For each set of predictions from a particular integration method, condition-specific growth traces were individually normalised to facilitate comparison using DTW. For each condition, random growth rates were computed for each time-point in the condition dataset, with the resulting growth trace max-min normalised. For this normalised growth trace, a DTW distance was computed against the relevant condition’s experimentally derived growth trace. This process of randomly generating DTW distances was repeated for each condition 100,000 times (determined using a convergence analysis) to form condition-specific null distributions. P-values were then computed as the proportion of randomly generated DTW distances lower than an integration method’s prediction (Figure 2B).

2.9 Condition discrimination

2.9.1 Principal coordinates analysis (PCoA)

To visualise structural similarities between predicted flux distributions across different conditions, PCoA was performed. To ensure consistency between all flux vector dimensions between methods (prior to pre-processing) and to remove negative flux values, all reversible reactions were modelled as separate forward and backward reactions (as performed by pFBA by default). For each integration method, predicted fluxes below solver tolerance $(< 1 0^{- 10})$ were set to zero, and reactions with zero flux across all conditions were excluded. Column-wise total normalisation was performed (with each set of flux distributions summing to 1) before the removal of low variance reactions (standard deviation $< 1 0^{- 3}$ ) and reaction fluxes were z-score normalised across reactions. We produced a projection for every integration method individually, each with flux predictions from all conditions. Pairwise Euclidean distances were computed between all condition vectors to generate a dissimilarity matrix and classical multidimensional scaling (MDS) was applied to this matrix using the scikit-learn implementation; mathematically equivalent to PCoA. The first two principal coordinates were retained, and resulting 2D embeddings used for visualisation. The proportion of variance explained was estimated from the variance of the MDS embedding along each dimension and normalising by the total variance.

2.9.2 P-value derivation

We performed permutation tests comparing intra-condition mean Euclidean distances to a null distribution to quantify each integration method’s ability to capture condition-specific properties. For each condition group (Table 2) within a given integration method’s set of predictions, we computed the mean pairwise Euclidean distance between samples in the projection belonging to the same condition set. Using all samples in the projection, we randomly sampled groups of the same size (without replacement) and computed their average pairwise distances for 100,000 iterations (determined using a convergence analysis). A p-value for a particular condition was calculated as the proportion of random permutation-derived mean Euclidean distances lower than that observed from the actual condition set. For each integration method, we performed this analysis for each of the 7 condition sets to yield a distribution of p-values, plotted in Figure 3A. (An example is provided on GitHub: https://github.com/ThomasPugsley/Evaluating_transcriptomic_integration and a schematic is available: Supplementary Figure S3.).

Table 2

Table 2. Expression profile labels and their source publications - more details available from CyanoExpress (Hernandez-Prieto and Futschik, 2012).

Figure 3

Box plots comparing p-values for condition discrimination and growth predictions. Panel A shows iMAT and METRADE methods with varying conditions like Percentile, Gamma, and Max Importance. Panel B compares growth predictions using similar methods. Different shades represent Baseline and Max conditions.

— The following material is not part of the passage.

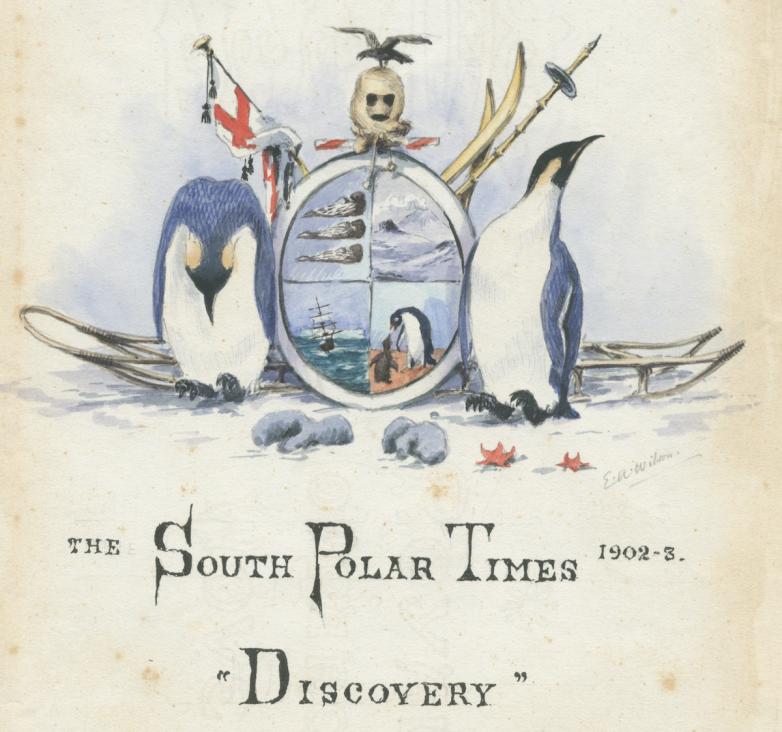 In another attempt to keep morale high, Shackleton produced and edited a newspaper, the South Polar Times. The expedition's zoologist and junior surgeon, Edward Wilson, contributed most of the illustrations, and a watercolour design of a polar coat of arms is also offered in the sale. Estimate: £4,000-6,000.

Figure 3. Distribution of p-values obtained for all integration method implementations. Condition discrimination p-values represent the ability of an integration method to form condition-specific clusters in low dimensionality space with all 7 condition datasets (A). Growth p-values indicate the ability of an integration method to match estimated relative growth rate traces for all conditions (B). In the case of iMAT, x-axis labels refer to upper and lower percentile input thresholds. For METRADE*, one-size-fits-all scaling values are uniform gamma values while x labels for the reaction-specific METRADE* is maximum importance. [Boxes represent 25th and 75th percentiles with median values indicated in the centre. Whiskers show smallest and largest values within 1.5 IQR and circles are outliers. Figure made using Matplotlib (Hunter, 2007)].

3 Results and discussion

After screening the datasets in CyanoExpress, 7 sets of expression proiles were deemed suitable for downstream analysis (Table 2). We implemented our novel dual-metric pipelines using the 7 transcriptomic datasets (Figure 1).

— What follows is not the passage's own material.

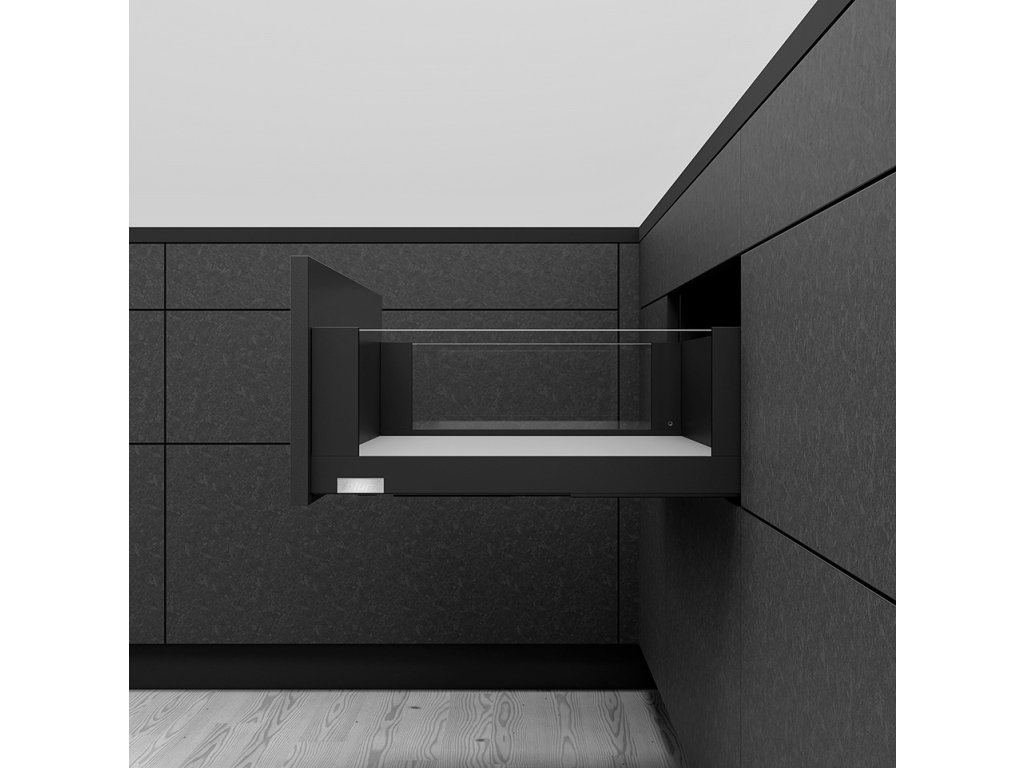 K-BLUM Legrabox C Free 500mm/70 kg, Tip-on, karbon čierná CS-M, vnútorná, sklo

PCoA clustering revealed marked differences in performance metrics across methods used for condition discrimination (Figure 3). Of the methods tested, iMAT’s performance appeared most heavily influenced by input parameter choices. The more unusual 35th and 15th Local percentile thresholding combination resulted in surprisingly tight condition clusters, outcompeting Eflux-2 and with a median roughly on par with the more typical iMAT implementation using 75th and 20th percentile thresholds. METRADE*, in contrast, demonstrated a reasonable level of robustness across scaling parameters and scaling strategies, particularly for predictions using gamma values greater than 1, and maximum importance values greater than 10. E-flux2, which does not require any user-specified input parameters, performed moderately well with a median p-value of $\sim 0.4$ (Figure 3A). The majority of METRADE* implementations, however, outcompeted E-flux2. Among the METRADE* implementations tested, variance-based scaling, using maximum importance values of 100, 1000 (in the case of the max configuration) and 10,000, resulted in the tightest condition clusters. This is unsurprising since the scaling strategy ensures that genes with greatly altered expression across the time-series, have their bounds modified to a greater extent than those which are invariant. Importantly, uniformly-scaled METRADE* also performed well, and had greater robustness across scaling parameter choices.

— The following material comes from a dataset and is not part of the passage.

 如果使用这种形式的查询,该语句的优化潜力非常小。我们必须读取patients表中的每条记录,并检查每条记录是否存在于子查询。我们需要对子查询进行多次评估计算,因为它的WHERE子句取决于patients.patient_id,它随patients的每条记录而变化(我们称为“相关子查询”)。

METRADE* configuration changes seemed to have minimal impact on the capacity of the model to discriminate between conditions in PCoA space. While uniformly-scaled METRADE* seemed to favour the Max configuration for the majority of implementations, the dependency seems to switch at gamma = 10. METRADE*’s apparent robustness to changes in configuration is surprising as the Baseline setup creates buffering, forcing the reshaped solution space to exert more influence deeper within the reaction network, rather than causing more localised changes in flux utilisation, for example, around photosynthesis - the point of entry for flux to the system. It is unsurprising that for low gamma values, the Max configuration was clearly favoured since buffering creates a larger gap between the new bounds and allowable flux, meaning a “stronger” mapping is required for contextualisation to take effect.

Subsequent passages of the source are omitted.